Но порой вдруг под вечер налетал острыми порывами не по-летнему студеный, сквозной, пронизывающий ветер, всколыхнув листву тополей и вязов на обочине, откуда-то слева, с северо-востока, наползали тяжелые аметистово-лиловые тучи, повисали низко, почти касаясь крыш насупившихся двухэтажек, обволакивали все небо — и беззвездной ночью высыпал мокрый снег, покрывая вымокшую землю плотным белым слоем, из-под которого не видно было травы. Урожая лишались начисто всего за несколько часов — под утро, со стужей и инеем.
Заморозки случались в июне регулярно, убивая напрочь вроде бы уже созревшую завязь с последними выцветшими и опадающими лепестками на печально повисавших ветвях плодовых деревьев. Дымовые костры, наспех разводившиеся в саду Панаровым, делу не помогали. Древняя италийская Помона, вкушая едкий, серый, стелящийся понизу дым жертвоприношений, будь не снисходила к просьбам смертных или оставалась бессильна против бездонно русских морозов — все вымерзало на корню безвозвратно.
Случалось, Алешу неделями рядили бодрым от холода ненастным утром в осеннее пальтишко и напяливали теплую шапку с нелепыми завязками, чтобы не простудился по дороге в детсад.
Исконное, надежное лето приходило лишь в июле. Но в это время сад закрывался на два месяца — оставались открытыми лишь ясли, и многие родители должны были как-то решать, куда девать детей постарше. Отпуск ведь — всего на месяц, да и никогда, чтобы целиком — летом. Половину нужно было отгулять в другое время года. И на две летние недели следовало еще дождаться своей очереди: все стремились отдохнуть от будней в сезон.
Надежда решилась отправить старшего к матери, в родную Пелагеевку, что километрах в пятнадцати от города. Отец ее отдал богу душу, когда Алеше было всего два года. В памяти мальчика сохранилась лишь телега с сидящим впереди, спиной к нему, сутулым мужчиной в бушлате с вожжами в руках — лица дедушки он не запомнил.

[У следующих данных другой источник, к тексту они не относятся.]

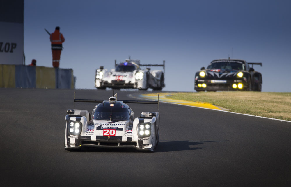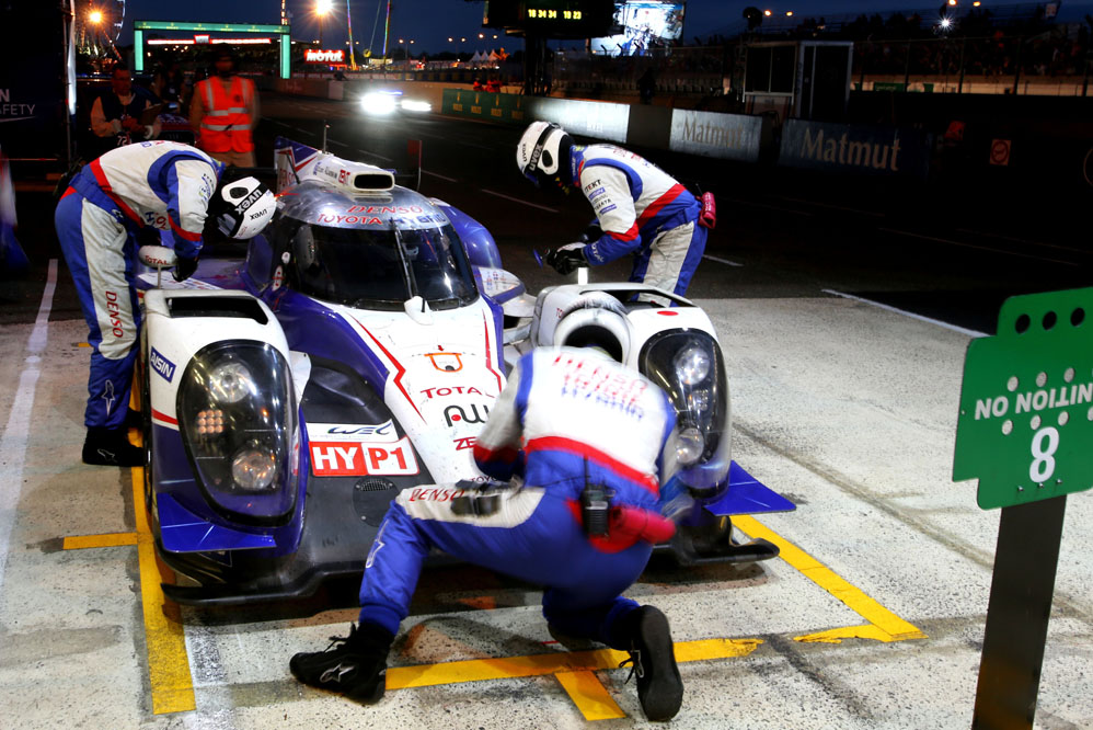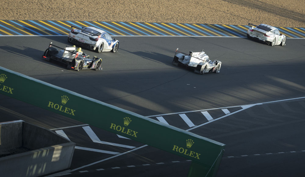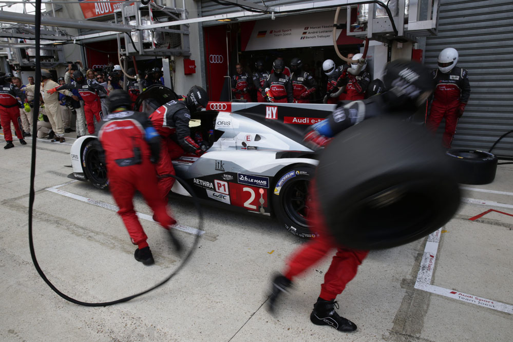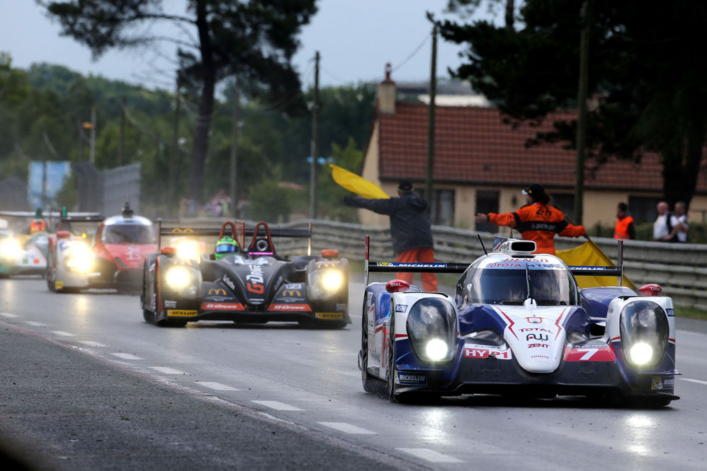 Los tres grandes rozaron el triunfo; primero Toyota con el TS040 Hybrid de Alexander Wurz, Stéphane Sarrazin y Kazuki Nakajima, después Porsche con el 919 Hybrid de Mark Webber, Brendon y Hartley, y Audi por partida doble, con el Nº2 de Lotterer, Fassler y Treluyer y con el Nº1 de Kristensen, Gené, Di Grassi.

Работа лесника в деревне — опасная, неблагодарная. Без наряда председателя колхоза изводить лес на крестьянские нужды, рубить запрещалось — за нарушение можно было и в лагеря загреметь.
Злостных нарушителей в лесу безрассудно ловил дедушка Алеши.

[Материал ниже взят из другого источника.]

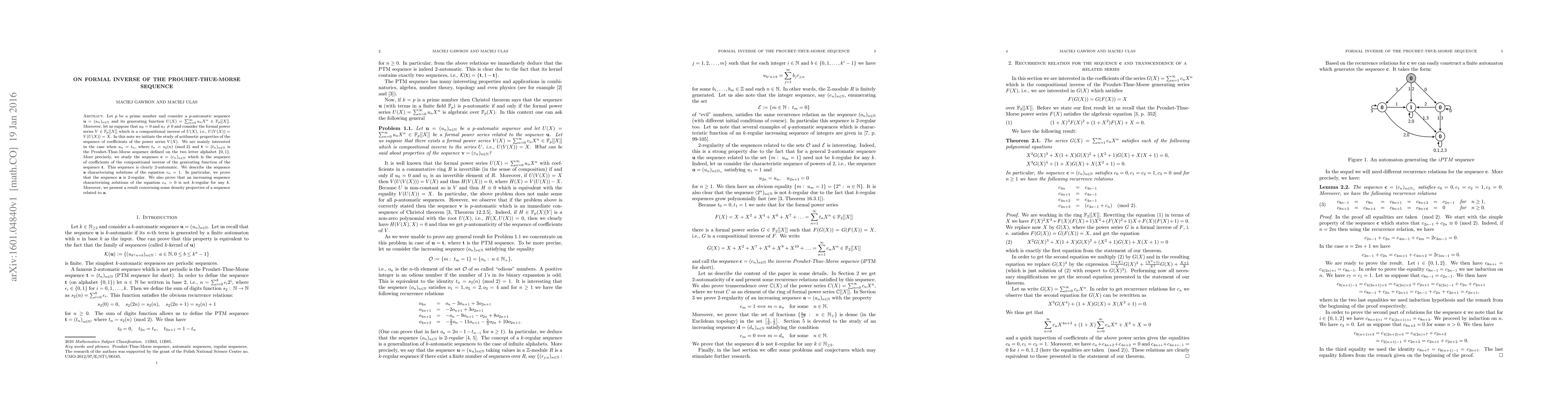 Let $p$ be a prime number and consider a $p$-automatic sequence ${\bf u}=(u_{n})_{n\in\N}$ and its generating function $U(X)=\sum_{n=0}^{\infty}u_{n}X^{n}\in\mathbb{F}_{p}[[X]]$. Moreover, let us suppose that $u_{0}=0$ and $u_{1}\neq 0$ and consider the formal power series $V\in\mathbb{F}_{p}[[X]]$ which is a compositional inverse of $U(X)$, i.e., $U(V(X))=V(U(X))=X$. In this note we initiate the study of arithmetic properties of the sequence of coefficients of the power series $V(X)$. We are mainly interested in the case when $u_{n}=t_{n}$, where $t_{n}=s_{2}(n)\pmod{2}$ and ${\bf t}=(t_{n})_{n\in\N}$ is the Prouhet-Thue-Morse sequence defined on the two letter alphabet $\{0,1\}$. More precisely, we study the sequence ${\bf c}=(c_{n})_{n\in\N}$ which is the sequence of coefficients of the compositional inverse of the generating function of the sequence ${\bf t}$. This sequence is clearly 2-automatic. We describe the sequence ${\bf a}$ characterizing solutions of the equation $c_{n}=1$. In particular, we prove that the sequence ${\bf a}$ is 2-regular. We also prove that an increasing sequence characterizing solutions of the equation $c_{n}=0$ is not $k$-regular for any $k$. Moreover, we present a result concerning some density properties of a sequence related to ${\bf a}$.

Однажды доплатил за норов: мстители подкараулили его в густой чаще, жестоко исколотили, полуживого подняли на руки и с размаху ударили задом о пень. Дед не погиб в лесу, на руках приполз ночью домой, долго валялся в постели, с трудом отошел и с того времени лесничим уже не работал. В отбитых костях и суставах развился туберкулез. От туберкулеза он и умер.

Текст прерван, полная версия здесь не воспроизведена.